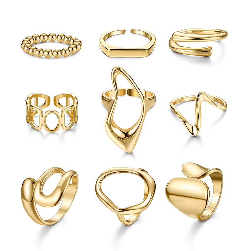 European and American Cross-Border 9 Simple Open Rings for Women Niche Design Adjustable Ring Geometric Asymmetrical Ring
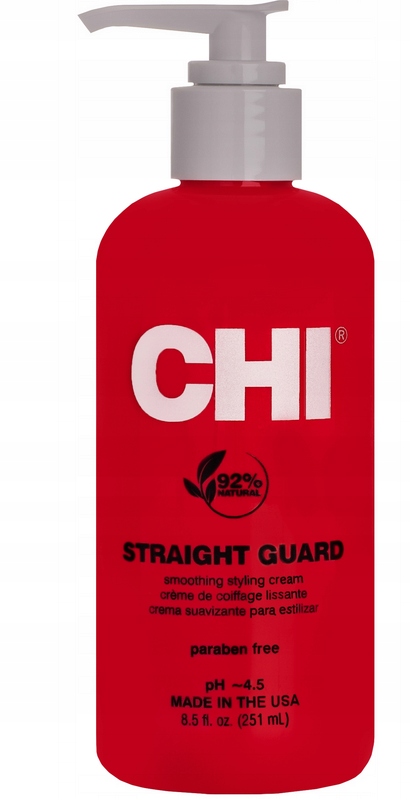 Молочко CHI Straight Guard — надійний продукт для людей, які часто випрямляють волосся та хочуть зберегти його здоровий вигляд. Легка кремоподібна формула полегшує укладку, забезпечує ковзання та захищає волосся від вологи, кучерявості та високих температур електричних приладів.
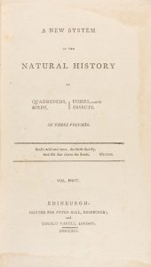 .1791-1792. LIBRO: .(BIOLOGÍA).. .[BUFFON]:. .A NEW SYSTEM OF THE NATURAL HISTORY of quadrupeds, birds, fishes and insects in three volumes. Edinburgh and London: Printed for Peter Hill and Thomas Cadell, 1791-1792. 3 vol. en 8º mayor. I: XVIII p....
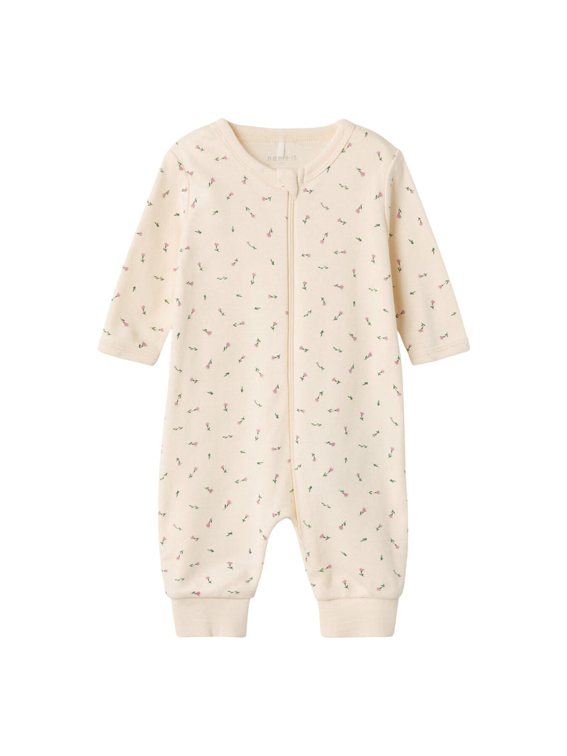 NBFNIGHTSUIT ZIP BUTTERCREAM FLORAL NOOS
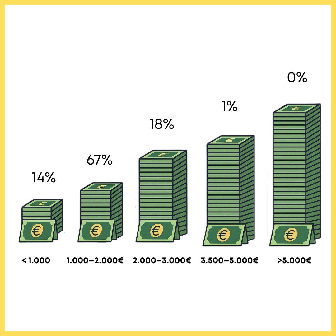 La fascia tra 1.000 e 2.000 euro è quella più affollata, ma non significa che non si possa guadagnare di più-
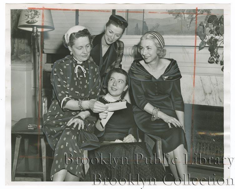 | Description: | Caption: "Committee convenes--Mrs. Edward P. Dunn, invitation chairman; Mrs. H. Robert Freund, floor committee chairman; Mrs. Charles W. Walseley, special prizes chairman (seated, left to right), and Mrs. William G. Mullin, prize chairman (standing center), were photographed at a meeting for the committee of the Long Island Hospital Guild bridge which will take place on Tuesday evening, May 4, at the Grand Ballroom of the Hotel St. George." |
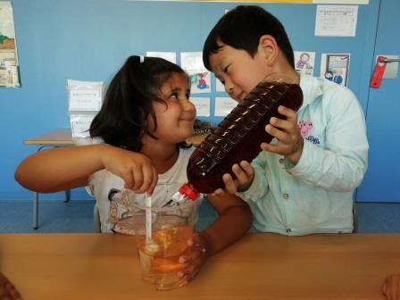 Els nens i nenes de la classe de P5 hem fet barreges a l’aula de ciències.
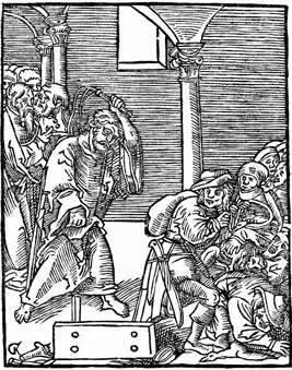 Description: Jesus overturns the tables of the moneychangers in the temple.
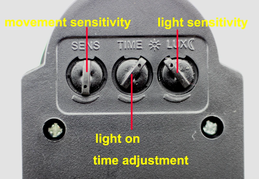 Например, при выпадении снега лучше снизить чувствительность, так как снег отражает свет, который может повлиять на срабатывание датчика. Пределы настройки чувствительности также бывают разными.
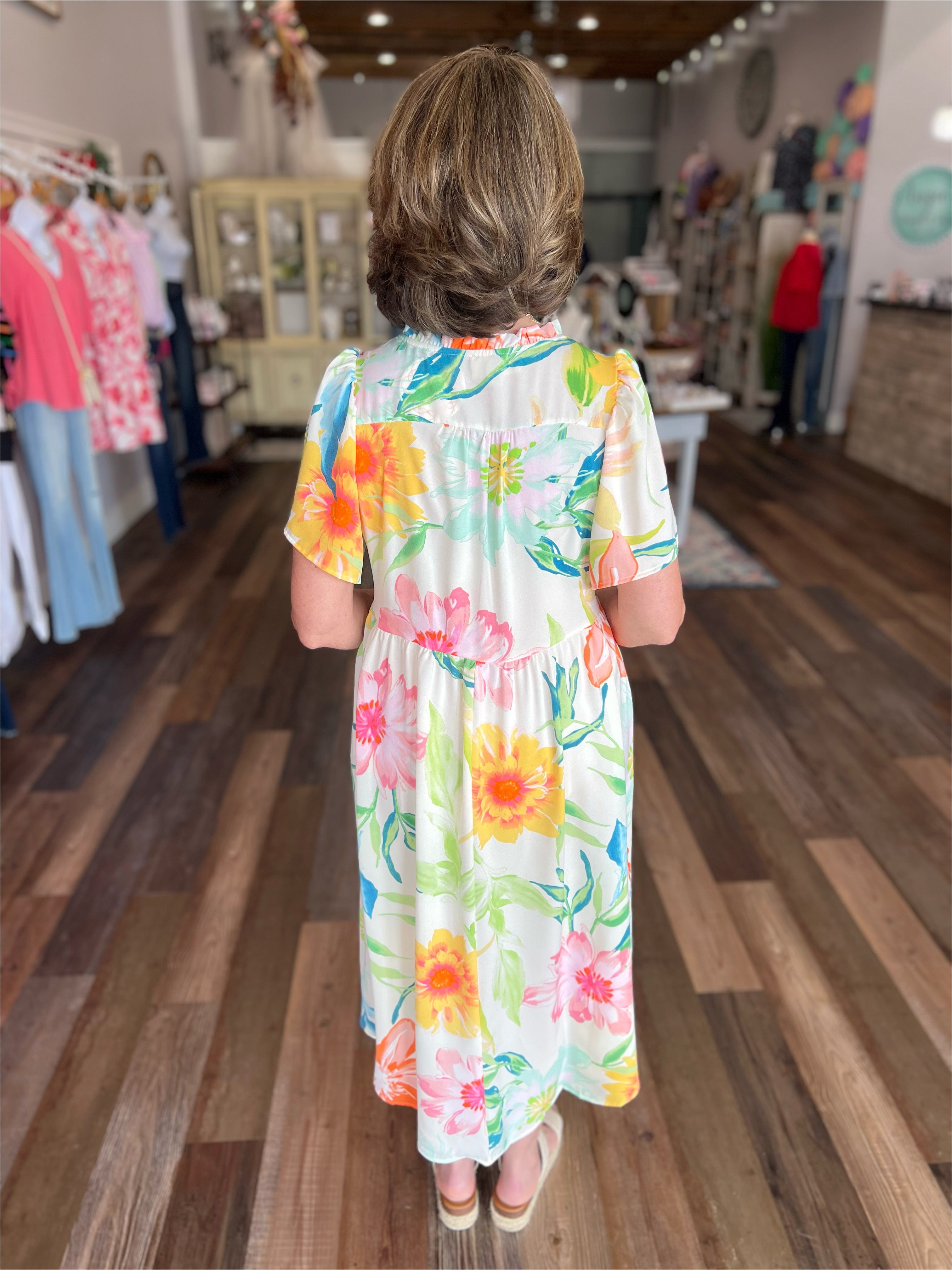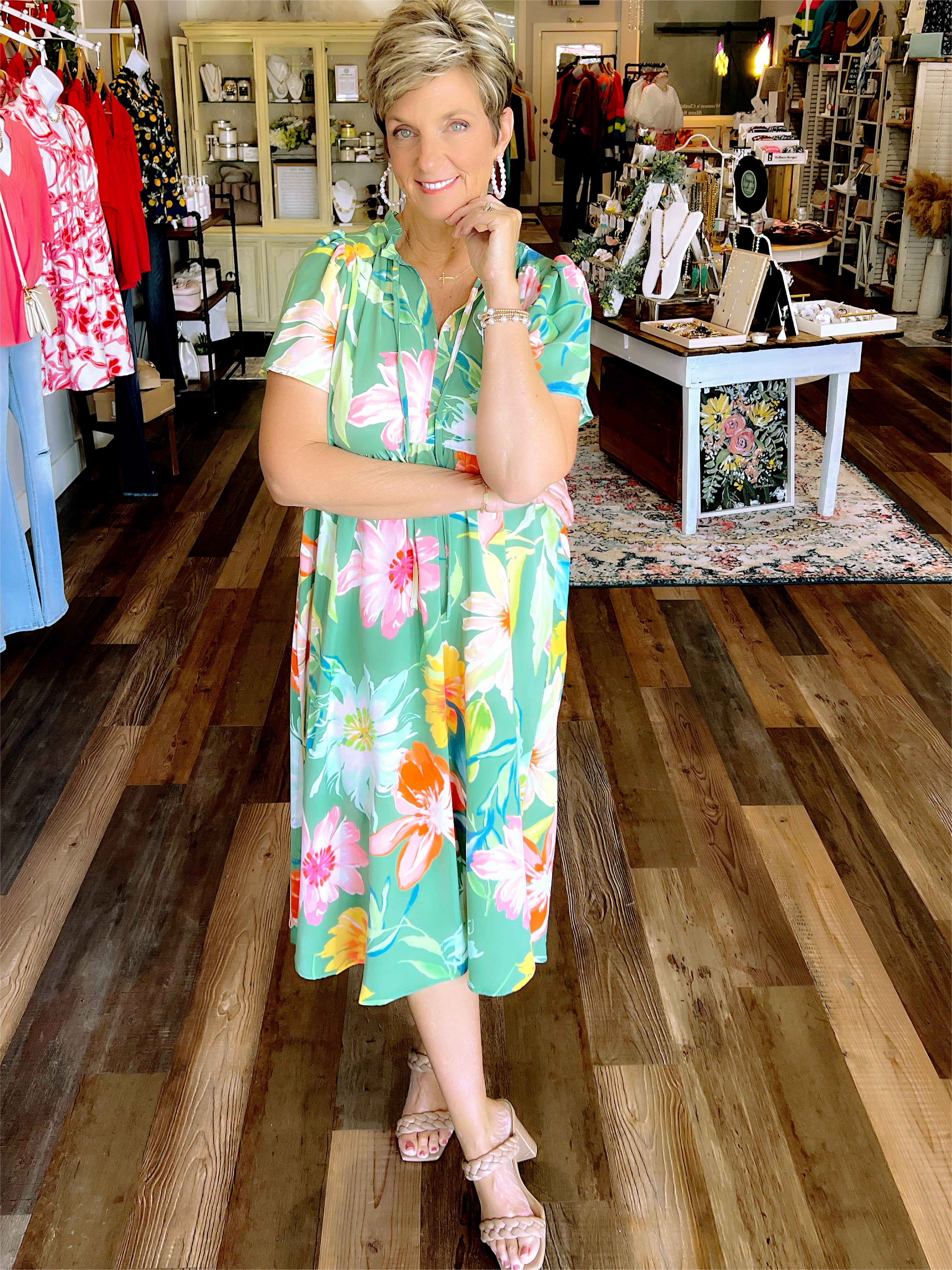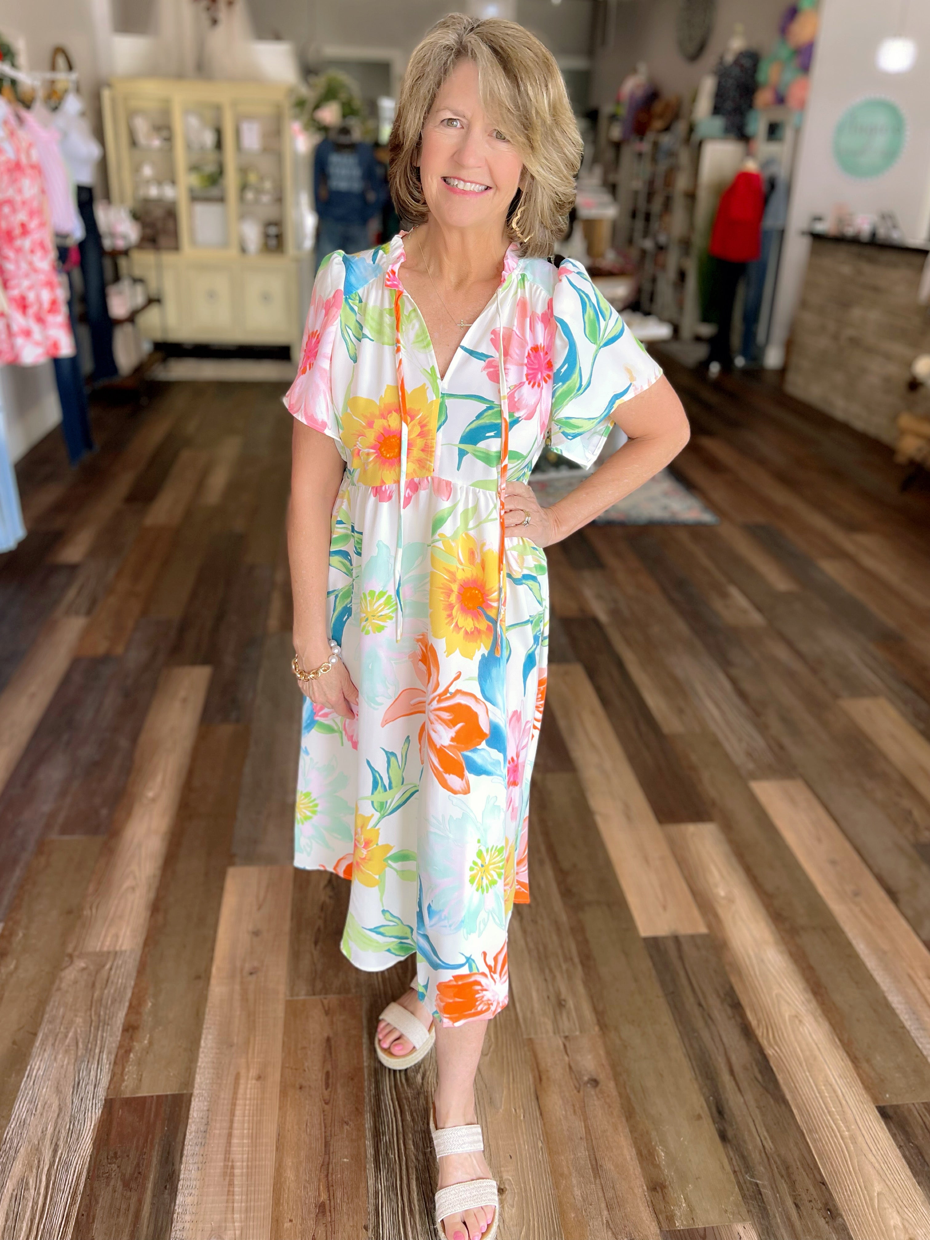 Choose from two lovely spring shades in our beloved style dress - featuring a charming floral print. Flattering fit with a tie-neck and delicate ruffle accents, made with 100% polyester.

## Task description
Write out again, exactly, the lines from the start of the listing up to the line containing "Молочко CHI Straight", with both ends and without pictures.

## Solution for this problem
 European and American Cross-Border 9 Simple Open Rings for Women Niche Design Adjustable Ring Geometric Asymmetrical Ring
 Молочко CHI Straight Guard — надійний продукт для людей, які часто випрямляють волосся та хочуть зберегти його здоровий вигляд. Легка кремоподібна формула полегшує укладку, забезпечує ковзання та захищає волосся від вологи, кучерявості та високих температур електричних приладів.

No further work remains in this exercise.